WHAT THE EXERCISE ASKS.
Print the listing below verbatim, passing over each picture.
━━━━━━━━━━
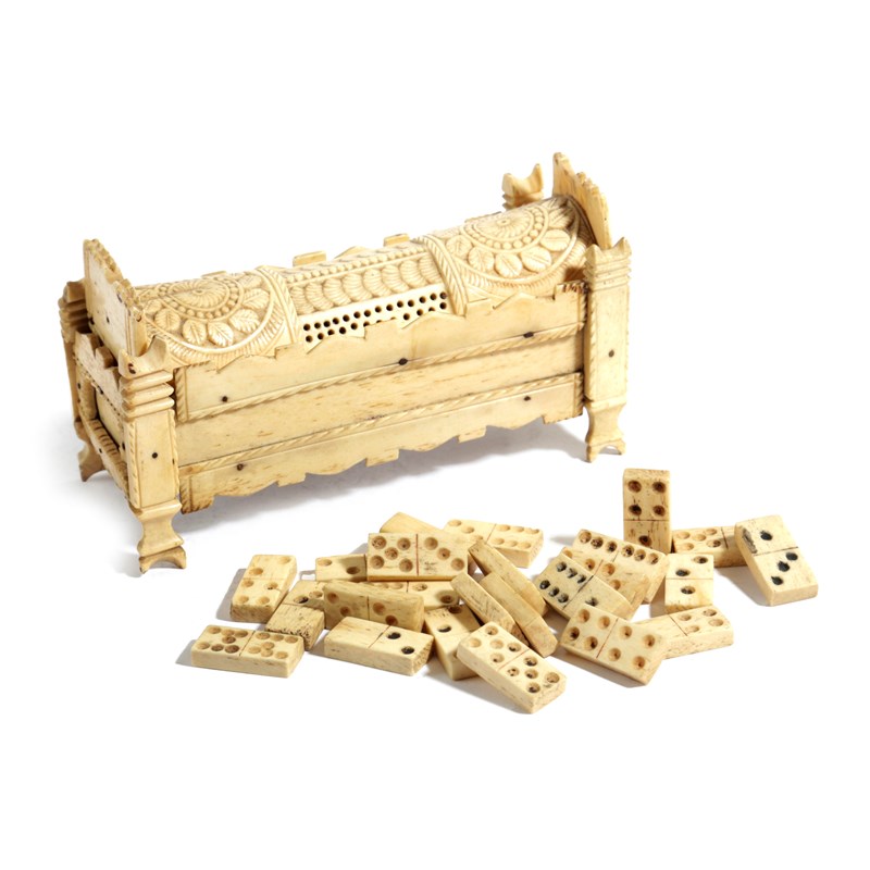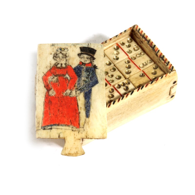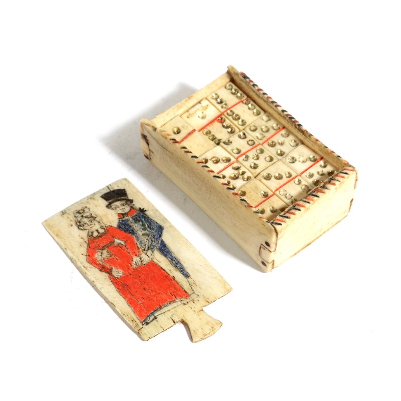 the lift-off top revealing twenty-four dominoes, together with a dominoes box, the sliding cover decorated with figures (2)
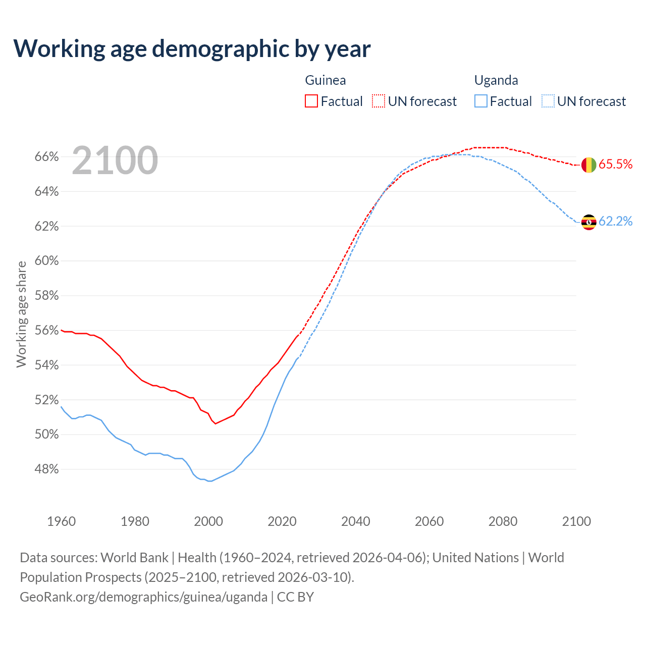 - The share of old-age demographic (65+) in Guinea is 3.46% vs 2.19% in Uganda.
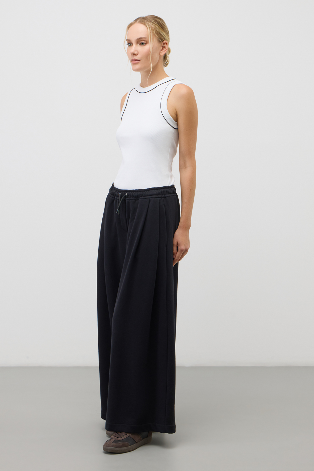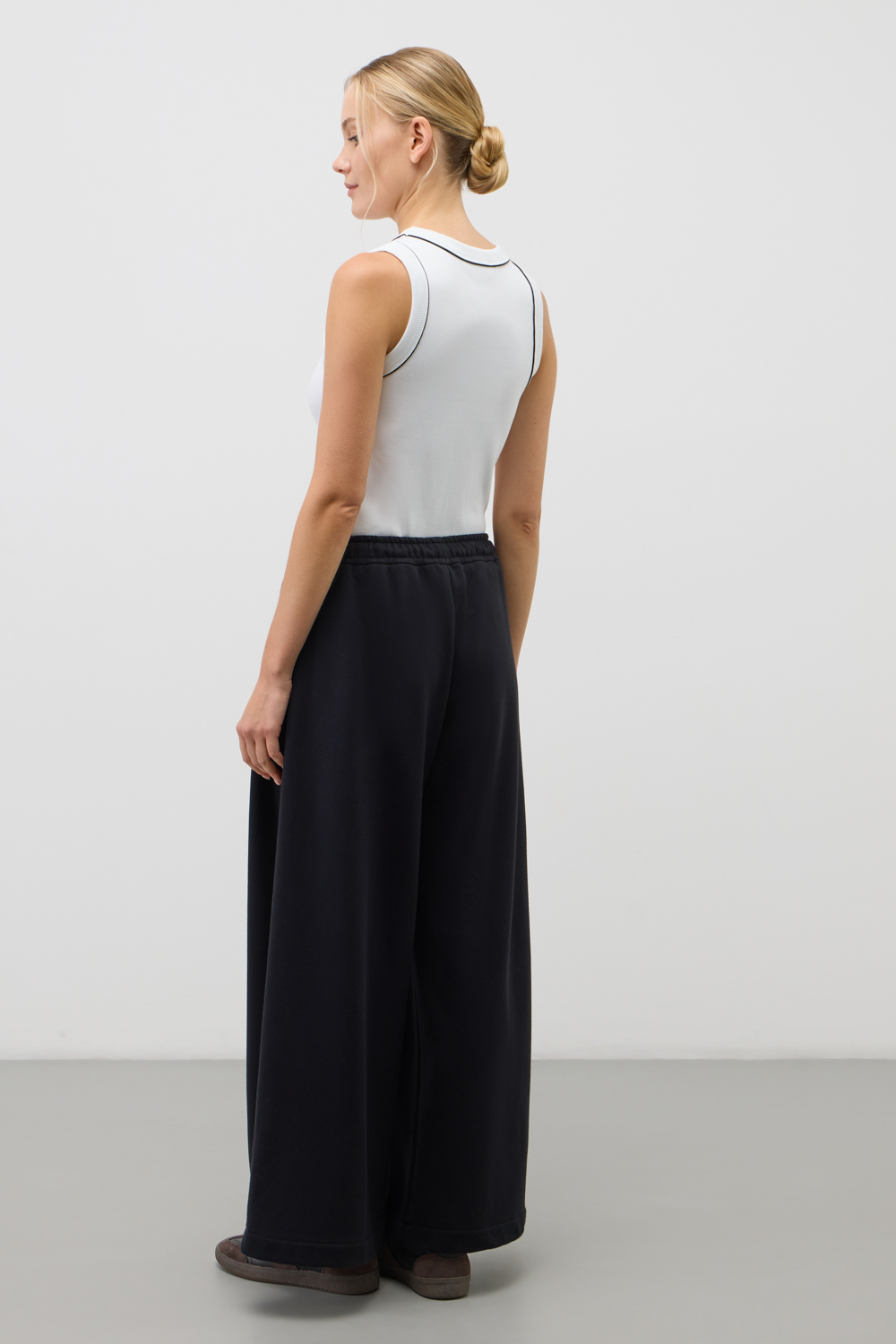 Классическим элементом гардероба является базовый топ в рубчик. Дополняет изделие отделка атласным кантом. Широкие бретели и высокий вырез делают топ комфортным в носке и универсальным в повседневной жизни.
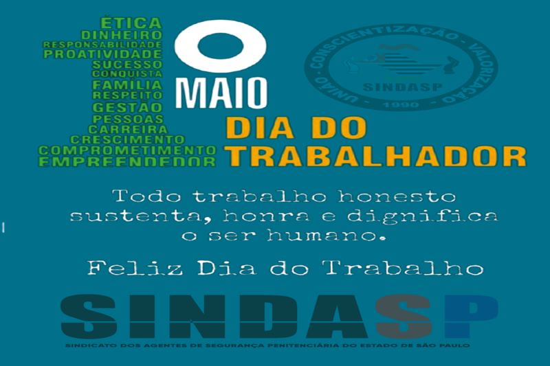 Os diretores da Executiva, Regionais e delegados do sindppesp-SP parabenizam a todos os servidores do sistema prisional pelo dia 1º de maio, Dia do Trabalho. Obrigado a cada um de vocês por sua contribuição na construção de uma categoria mais forte para exigir os seus direitos. Parabéns a todos e obrigado por acreditarem em nosso trabalho.
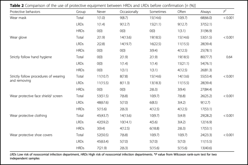 医务人员个人防护设备的使用情况图源:参考文献 [4]
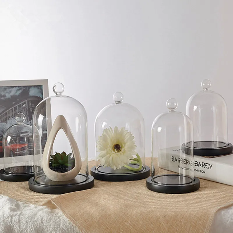 Консервированный Круглый стеклянный купол с пробковой основой в форме колокольчика круглая Пылезащитная прозрачная стеклянная крышка для неувядающих
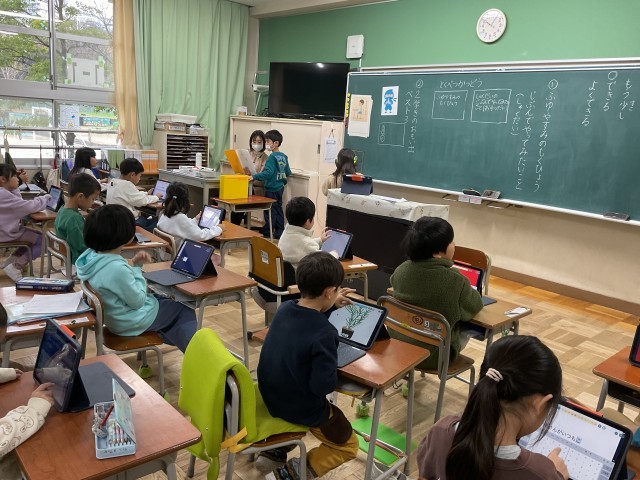 終業式後、各教室では、担任が一人ひとりに、通知表(あゆみ)を手渡しながら、2学期がんばったことを伝えました。
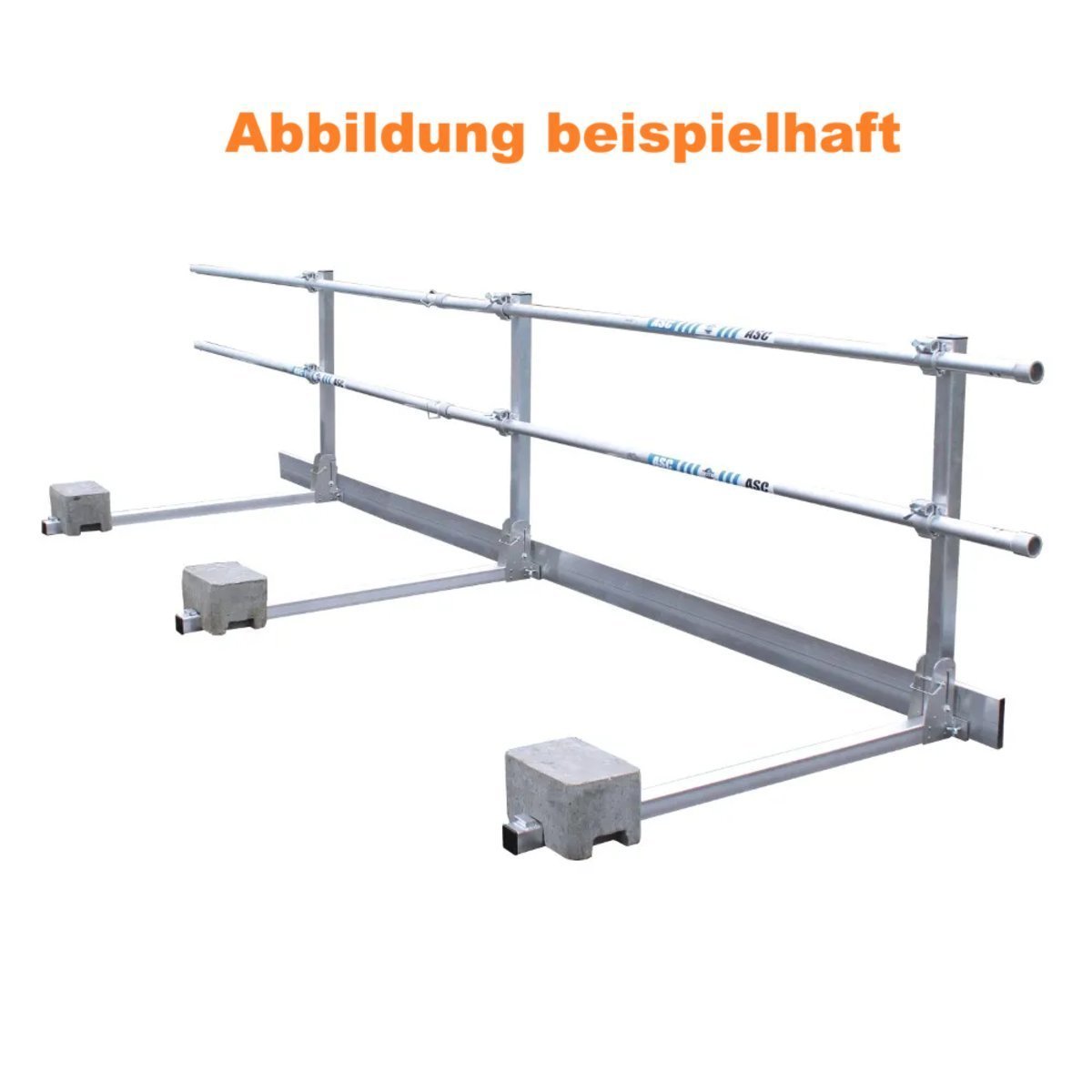 Die klappbare Flachdach-Absturzsicherung DKO wurde von ASC in Eigenentwicklung unter Verwendung von Standard-Gerüstmaterial und modernster Verbindungstechnologie konzipiert. Dieses System bietet eine benutzerfreundliche Lösung, um Flachdächer zu einer sicheren Arbeitsumgebung zu machen. Die äußerst robuste Aluminium-Kupplung fungiert als Pfostenklemme am klappbaren Dachrandsockel. Das Geländer besteht aus einem 3 mm starken Aluminiumprofil und vereint geringes Gewicht mit höchster Stabilität.
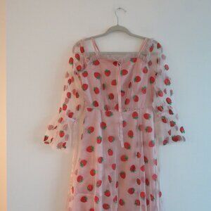 MASKED QUEEN COTTAGECORE Strawberry Tulle Midi Dress Coquette Whimsy Retro NWT
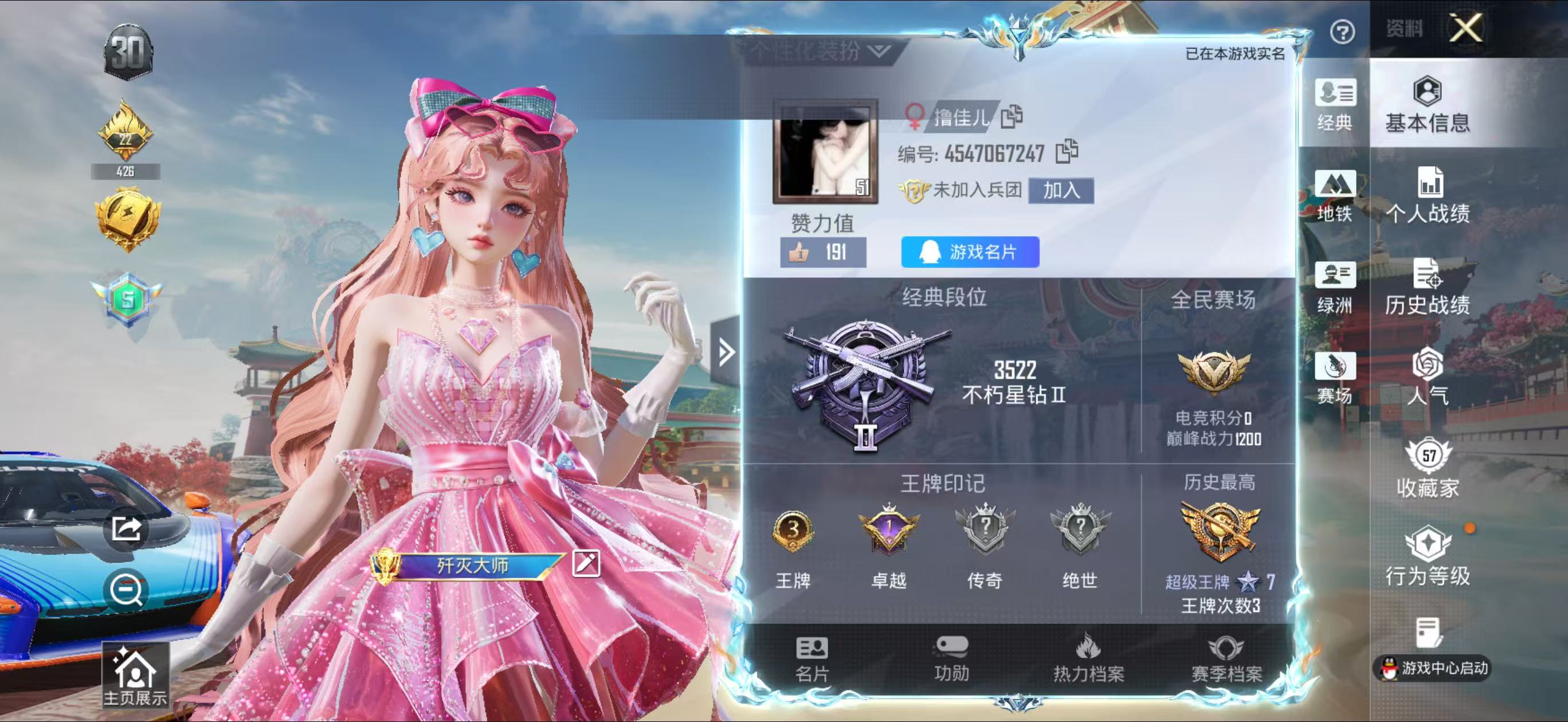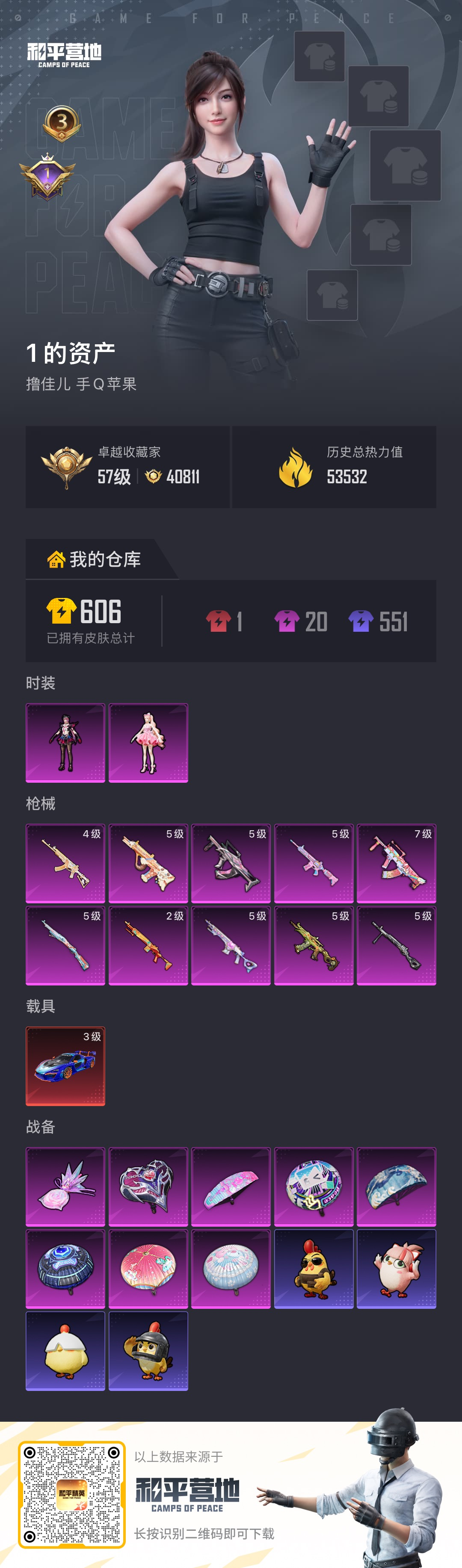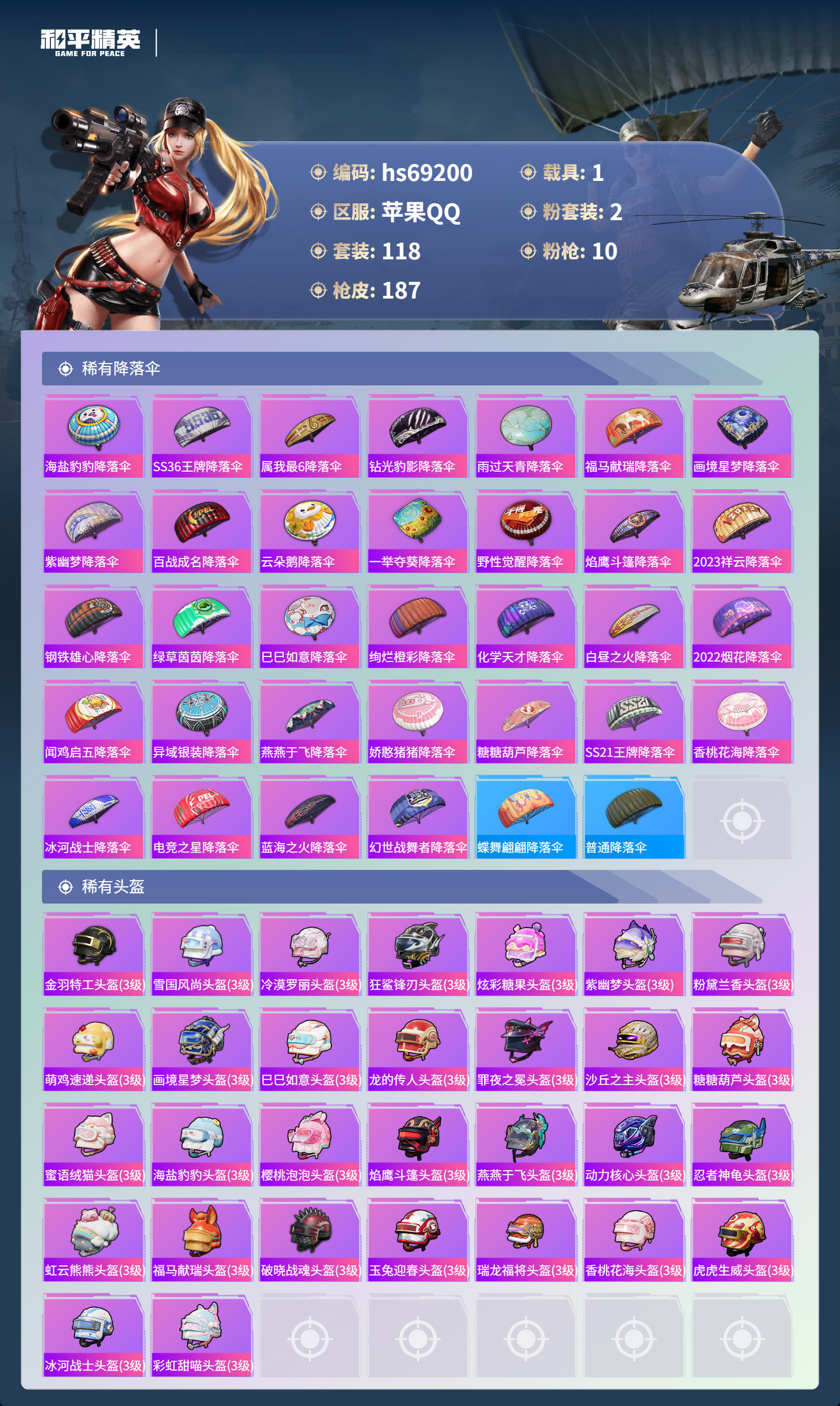 PX_2562271-,苹果手Q-3王牌印记-2粉装-10特效枪-1载具-53532热力值-118套装-187枪皮-1卓越印记
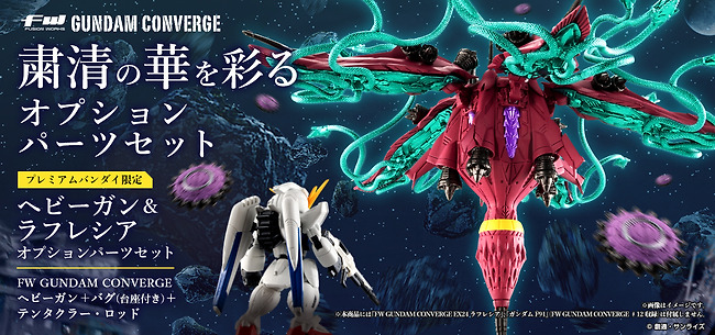 A. 개요2018년 11월 반다이 식완 신제품, 'FW GUNDAM CONVERGE 헤비건 & 라플레시아 옵션 파츠'을(를) 소개합니다. · 제품명: FW GUNDAM CONVERGE 헤비건 & 라플레시아 옵션 파츠· 가격: 2,400엔 (소비세 미포함)· 발송일: 2018년 11월 예정· 등장 작품: 기동전사 건담 F91* 제품 관련 공식 정보의 출처는 "건담 식완 포털(링크)" 입니다.※ 반다이 식완 사업부의 출하 일정에 따라 발매 일정이 변경될 수 있습니다. B. 제품 설명FW GUNDAM CONVERGE 시리즈로 출시되는 대형 MA 「라플레시아」를 더 즐기기 위한 옵션 파츠가 프리미엄 반다이 한정으로 발매!지구 연방군의 주력 범용기 「헤비건」을 포함하여, 라플레시아의 촉수이라고도 말할 수 있는 텐..
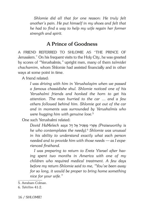 Shlomie was, in his own words, "a regular guy." He was wrong. People who knew him recognized that in his chesed and love of fellow Jews he was one in a generation. He revered gedolei Yisrael and they in turn loved and admired him. They knew that his was the shoulder that every poor man, every widow and orphan, could lean on for support.
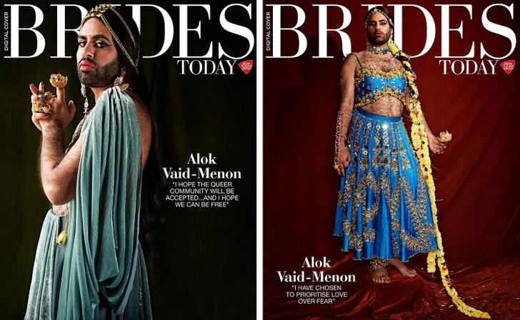 Списанието од англиско говорно подрачје Brides Today сподели 3 дигитални насловни страници на Инстаграм, на кои е прикажан небинарниот транс активист и комичар Алок Ваид-Менон како моделира различни наметки. 31-годишниот Алок Ваид-Менон е американски писател, изведувач и медиумска личност кој настапува под називот АЛОК.
━━━━━━━━━━
ANSWER SPACE.
 the lift-off top revealing twenty-four dominoes, together with a dominoes box, the sliding cover decorated with figures (2)
 - The share of old-age demographic (65+) in Guinea is 3.46% vs 2.19% in Uganda.
 Классическим элементом гардероба является базовый топ в рубчик. Дополняет изделие отделка атласным кантом. Широкие бретели и высокий вырез делают топ комфортным в носке и универсальным в повседневной жизни.
 Os diretores da Executiva, Regionais e delegados do sindppesp-SP parabenizam a todos os servidores do sistema prisional pelo dia 1º de maio, Dia do Trabalho. Obrigado a cada um de vocês por sua contribuição na construção de uma categoria mais forte para exigir os seus direitos. Parabéns a todos e obrigado por acreditarem em nosso trabalho.
 医务人员个人防护设备的使用情况图源:参考文献 [4]
 Консервированный Круглый стеклянный купол с пробковой основой в форме колокольчика круглая Пылезащитная прозрачная стеклянная крышка для неувядающих
 終業式後、各教室では、担任が一人ひとりに、通知表(あゆみ)を手渡しながら、2学期がんばったことを伝えました。
 Die klappbare Flachdach-Absturzsicherung DKO wurde von ASC in Eigenentwicklung unter Verwendung von Standard-Gerüstmaterial und modernster Verbindungstechnologie konzipiert. Dieses System bietet eine benutzerfreundliche Lösung, um Flachdächer zu einer sicheren Arbeitsumgebung zu machen. Die äußerst robuste Aluminium-Kupplung fungiert als Pfostenklemme am klappbaren Dachrandsockel. Das Geländer besteht aus einem 3 mm starken Aluminiumprofil und vereint geringes Gewicht mit höchster Stabilität.
 MASKED QUEEN COTTAGECORE Strawberry Tulle Midi Dress Coquette Whimsy Retro NWT
 PX_2562271-,苹果手Q-3王牌印记-2粉装-10特效枪-1载具-53532热力值-118套装-187枪皮-1卓越印记
 A. 개요2018년 11월 반다이 식완 신제품, 'FW GUNDAM CONVERGE 헤비건 & 라플레시아 옵션 파츠'을(를) 소개합니다. · 제품명: FW GUNDAM CONVERGE 헤비건 & 라플레시아 옵션 파츠· 가격: 2,400엔 (소비세 미포함)· 발송일: 2018년 11월 예정· 등장 작품: 기동전사 건담 F91* 제품 관련 공식 정보의 출처는 "건담 식완 포털(링크)" 입니다.※ 반다이 식완 사업부의 출하 일정에 따라 발매 일정이 변경될 수 있습니다. B. 제품 설명FW GUNDAM CONVERGE 시리즈로 출시되는 대형 MA 「라플레시아」를 더 즐기기 위한 옵션 파츠가 프리미엄 반다이 한정으로 발매!지구 연방군의 주력 범용기 「헤비건」을 포함하여, 라플레시아의 촉수이라고도 말할 수 있는 텐..
 Shlomie was, in his own words, "a regular guy." He was wrong. People who knew him recognized that in his chesed and love of fellow Jews he was one in a generation. He revered gedolei Yisrael and they in turn loved and admired him. They knew that his was the shoulder that every poor man, every widow and orphan, could lean on for support.
 Списанието од англиско говорно подрачје Brides Today сподели 3 дигитални насловни страници на Инстаграм, на кои е прикажан небинарниот транс активист и комичар Алок Ваид-Менон како моделира различни наметки. 31-годишниот Алок Ваид-Менон е американски писател, изведувач и медиумска личност кој настапува под називот АЛОК.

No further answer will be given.